Data segment below:
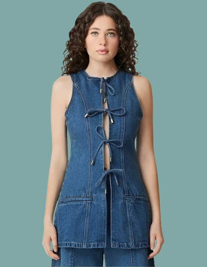 Elevate your casual style with the Clara Sleeveless Top from Curaae by Elliatt. Made from soft and durable denim, this top features a flattering fit and an adjustable tie-up front for a customizable look. Perfect for layering, this top adds effortless cool to any outfit.
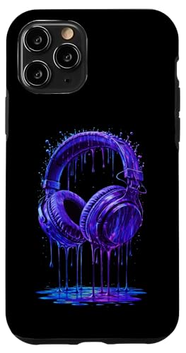 Casque Audio Bleu électrique DJ Gamer Musique Art Paint Drip Coque pour iPhone 11 Pro
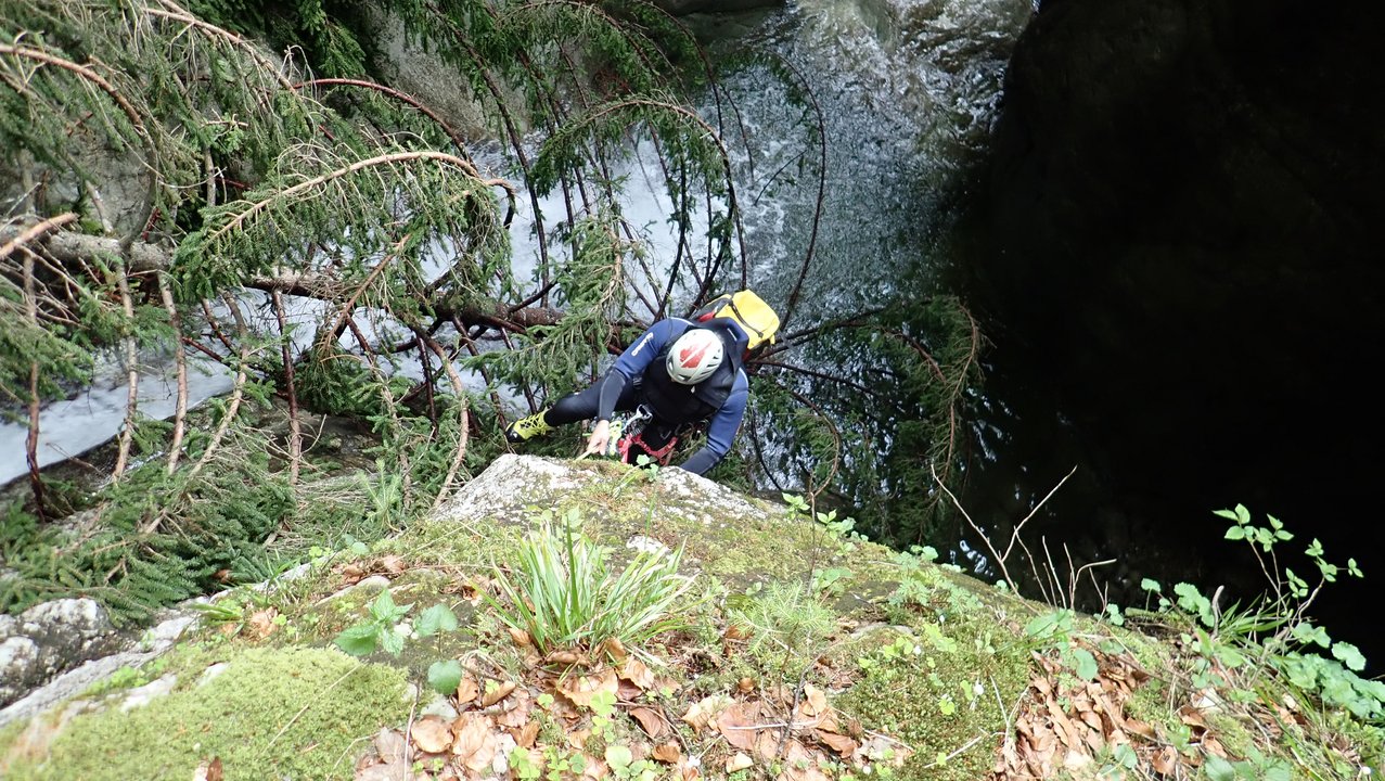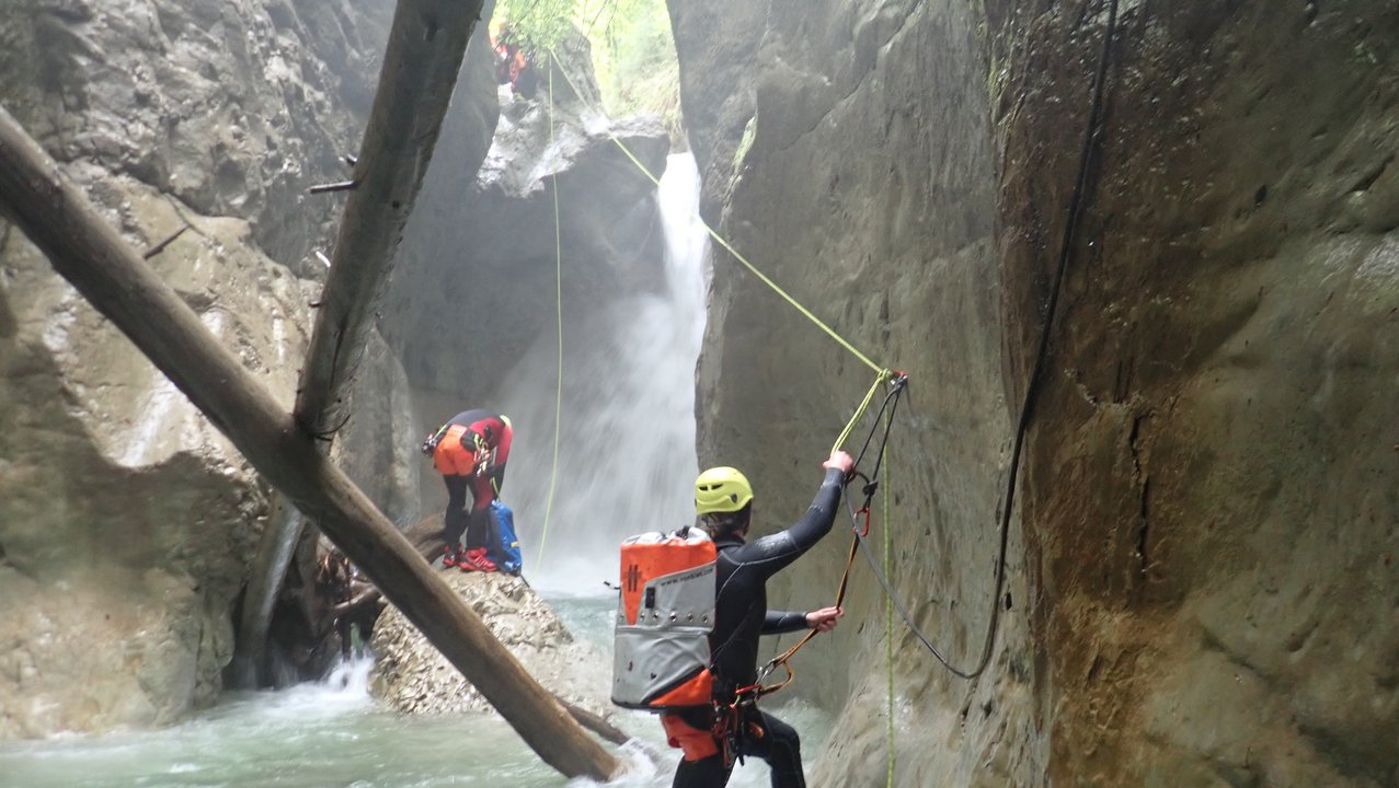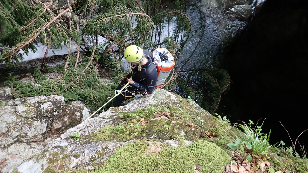 Anschließend wurde das Dornbirner Canyoning-Gebiet (un)sicher gemacht. Die verschiedenen Gruppen übten und erlernten in den Schluchten der Kobelache und Spätenbach wichtige Seiltechniken für das begehen, abseilen und retten von Personen in der Schlucht.
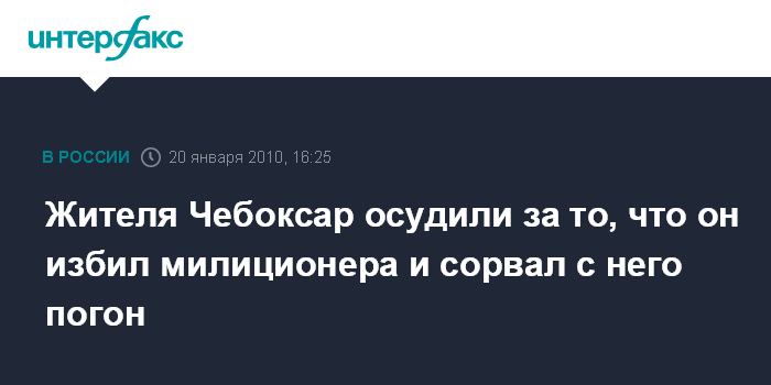 Москва. 20 января. INTERFAX.RU - Калининский районный суд Чебоксар приговорил местного жителя к 2 годам лишения свободы с отбыванием наказания в исправительной колонии строгого режима за то, что тот ударил милиционера и сорвал с него погон.
End of Data segment.
Exercise requirements: The response is to contain exactly the lines from the beginning of the data through the line containing "Casque Audio Bleu", both ends included, and nothing else; omit the pictures.

Task solution:
 Elevate your casual style with the Clara Sleeveless Top from Curaae by Elliatt. Made from soft and durable denim, this top features a flattering fit and an adjustable tie-up front for a customizable look. Perfect for layering, this top adds effortless cool to any outfit.
 Casque Audio Bleu électrique DJ Gamer Musique Art Paint Drip Coque pour iPhone 11 Pro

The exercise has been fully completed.